Our guide to complementary medicine
Hotcourses Editor

Our guide to complementary medicine

First published date May 19 2016 Amended date May 19 2016

What is complementary medicine we hear you cry? Well, actually, it doesn’t really have a dictionary definition. Complementary and alternative medicines (sometimes referred to in the medical world as CAMs), are medicines or treatments that can be used with or alongside more traditional medicines. For example, a doctor might suggest an herbal remedy alongside a course of drugs they have prescribed. It all sounds pretty medical doesn’t it, but don’t worry, you won’t be expected to spend seven years in university if you are interested in learning more!


Can complementary medicine actually help?

This is a tricky one to answer, some studies say yes, others say no. Although complementary medicines may not be based on scientific evidence, their popularity in the world today surely shows they have some benefit.
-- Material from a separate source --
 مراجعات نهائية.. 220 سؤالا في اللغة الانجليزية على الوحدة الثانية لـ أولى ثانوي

Our best advice with this one would be to do your research and maybe talk to someone who is qualified to give you a medical answer. If, however, you are interested in finding out more, taking a short course definitely won’t hurt.
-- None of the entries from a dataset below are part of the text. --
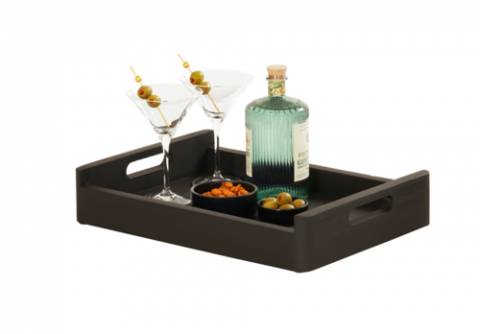 Brooklyn Room Service Tray, 17.25"W x 12.5"D x 3.25"H, rectangular, wood, cutout handles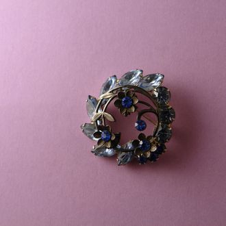Эта красивая винтажная брошь воплотила в себе прекрасный период, когда холодные ветра зимы уступают место свежести весеннего воздуха. Сплав с покрытием под серебро и чернёное серебро, вставки - красиво мерцающие кристаллы голубого и лазурного цветов. Брошь не маркирована, по технике исполнения очень похожа на марку Delizza&Elster, 1960-е гг., США.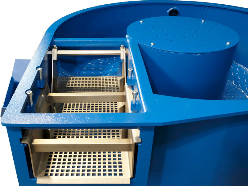 Diverse Trennsysteme zur Trennung von Werkstoff und Schleifkörpern (Magnetseparatoren, Umkehrseparierung, Abstreifer, Fallstufen, …)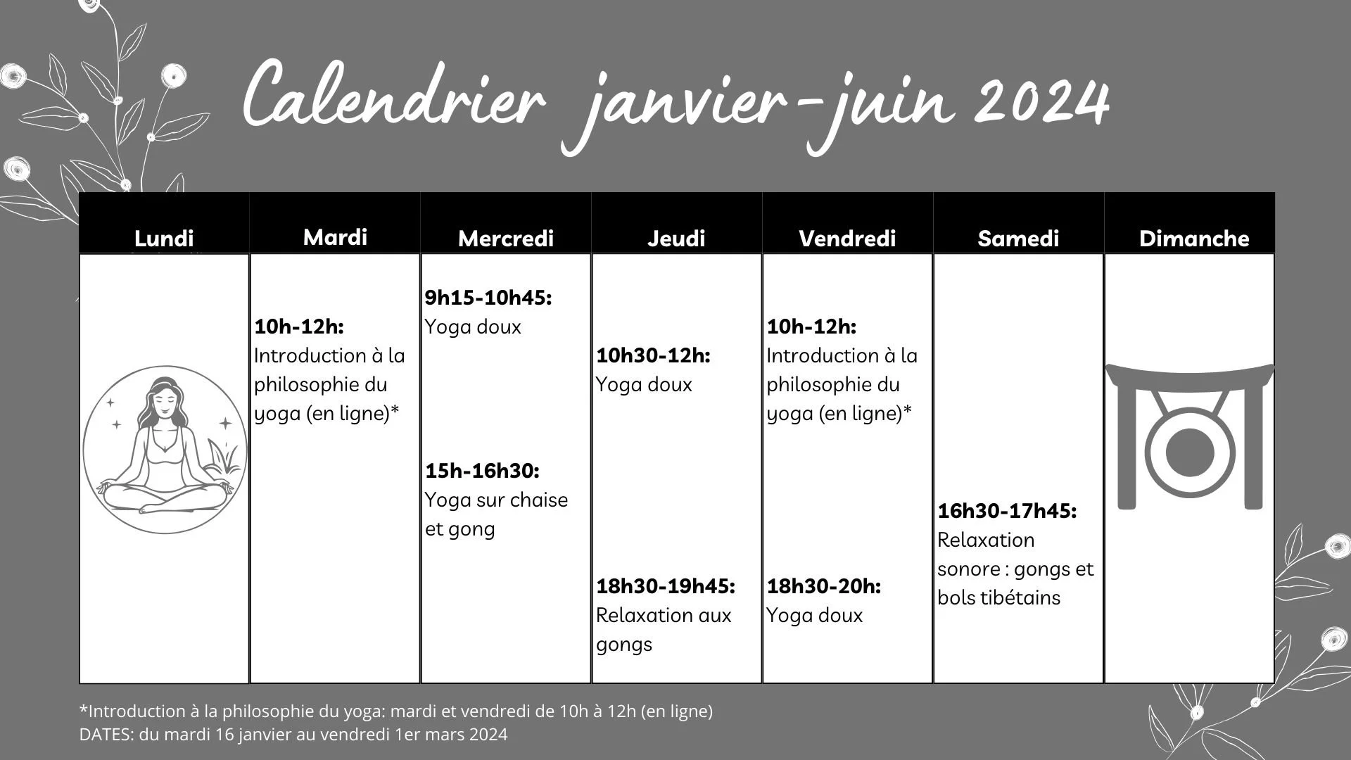 FORFAIT 10 SÉANCES (les forfaits sont valables indifféremment pour le yoga ou les gongs)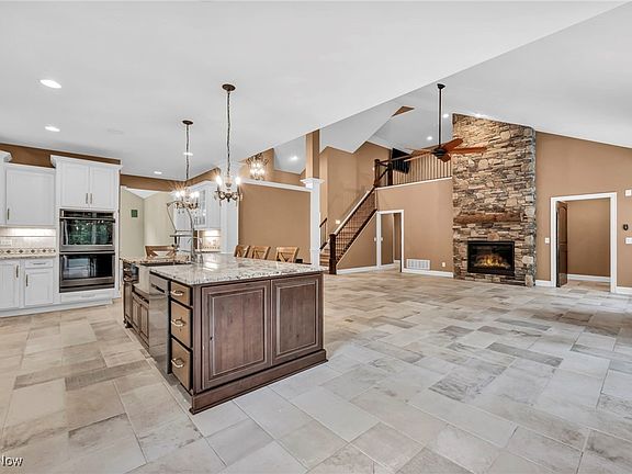 - Description: Lower Level Rec Room with epoxy flooring, Multi-Area Recessed Lighting, Wet Bar with Pendant Lighting and Built In Cabinets and Stone Fireplace with Mantel from Trees on Property.,Flooring: Tile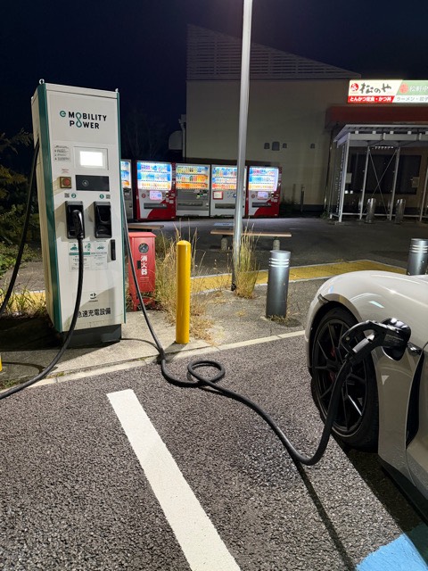 先にテスラが充電中でしたが、少しだけ同時充電。迷惑かもしれないので10分程度で早々に引き上げました。実測79キロ出ました。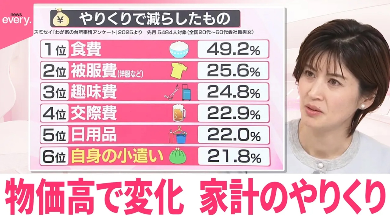 「news every.」の森圭介キャスターが、ニュースの気になる情報をお伝えする「なるほどッ!」。9日のテーマは、「物価高で変化…家計のやりくり」です。 (2025年10月9日放送「news every.」より)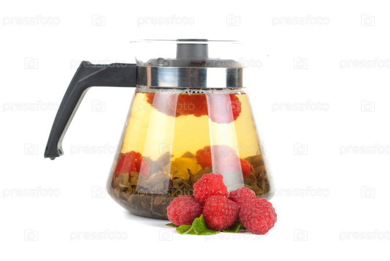 Заварочный чайник с фруктовым чаем и ягодами на белом фоне

I’m not a doctor, what kind of courses can I take?

Good news, you don’t need to be a doctor to do any of these courses. Whether you want to find out more about the history of herbal medicine, or have the urge to learn more about aromatherapy, there will be a number of beginners courses on offer. We’ve tried to make things a little simpler by giving you a brief overview of some of the most popular complementary medicine courses.

Herbal medicine – Why do plants have medicinal properties? A herbal medicine course will take a look back at the historical use of plants in alternative and mainstream medicine, and then translate this to our modern day use of them.
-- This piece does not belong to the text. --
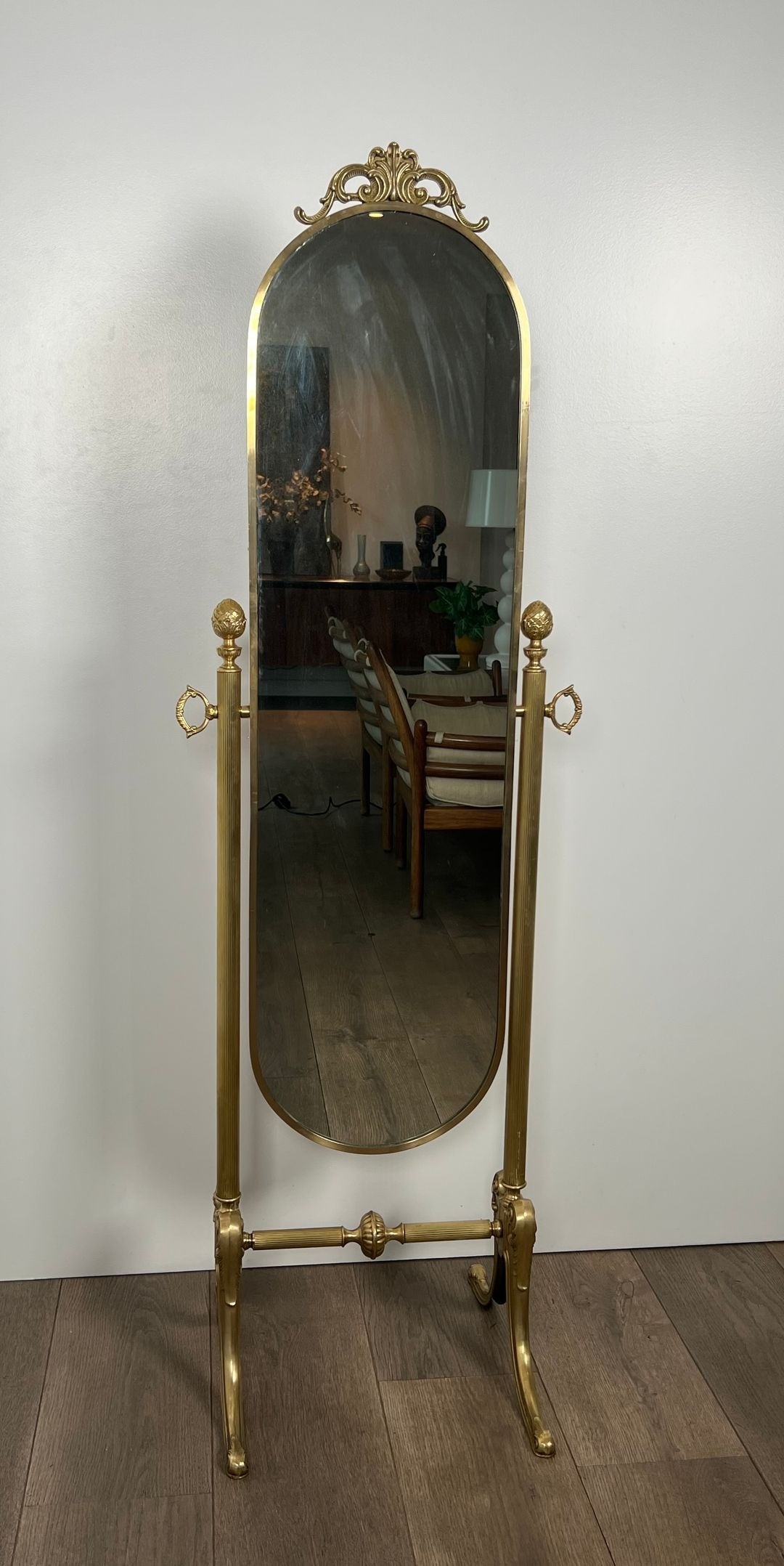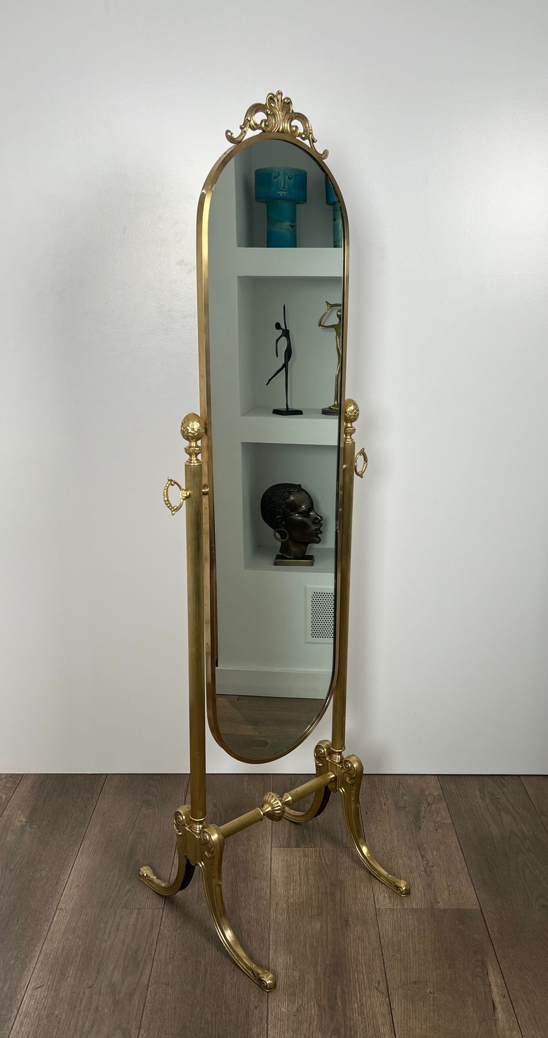 At 52 centimetres in width, 43.5 centimetres in depth, and a full 156 centimetres in height, this psyché is a major presence in any room. It is suited to a master bedroom, a dressing room, or any reception space of sufficient scale to accommodate a free-standing mirror of this quality and ambition.

Aromatherapy – Aromatherapy uses essential oils to try and improve a patients wellbeing. Often used as an alternative therapy in the treatment of stress, depression, insomnia and relaxation, research suggests it can help. If you are interested in learning more about the power of smell, a beginner’s course could be what you are looking for.

Reiki healing – One of the more spiritual categories on this list, Reiki is a Japanese technique for stress reduction that is also believed to promote healing in the body. It is based on the idea that an unseen energy flows within us and can be manipulated through touch.


What can I do after my course?

Although we cannot promise you won’t leave your beginner’s course with the skills needed to become a freelance practitioner, you might catch the bug and go on to learn more. Apart from the likes of osteopathy and chiropractic, there is no professional regulation of alternative therapies in the UK. This means, if you do feel like you have the skills and experience, you can freely practise he treatment, however we recommend you join a voluntary register or association first.


Interesting facts you might like to know

  • The World Health Organisation estimates that over four billion people rely on alternative medicine as their primary form of health care
  • In aromatherapy, lemon is used to calm and heal wounds, lavender is used to care for skin and help you relax and Ylang Ylang is thought to release muscle tension and give you an instant mood boost.
  • The word drug comes from the Dutch word ‘droog’ meaning ‘dried plant’.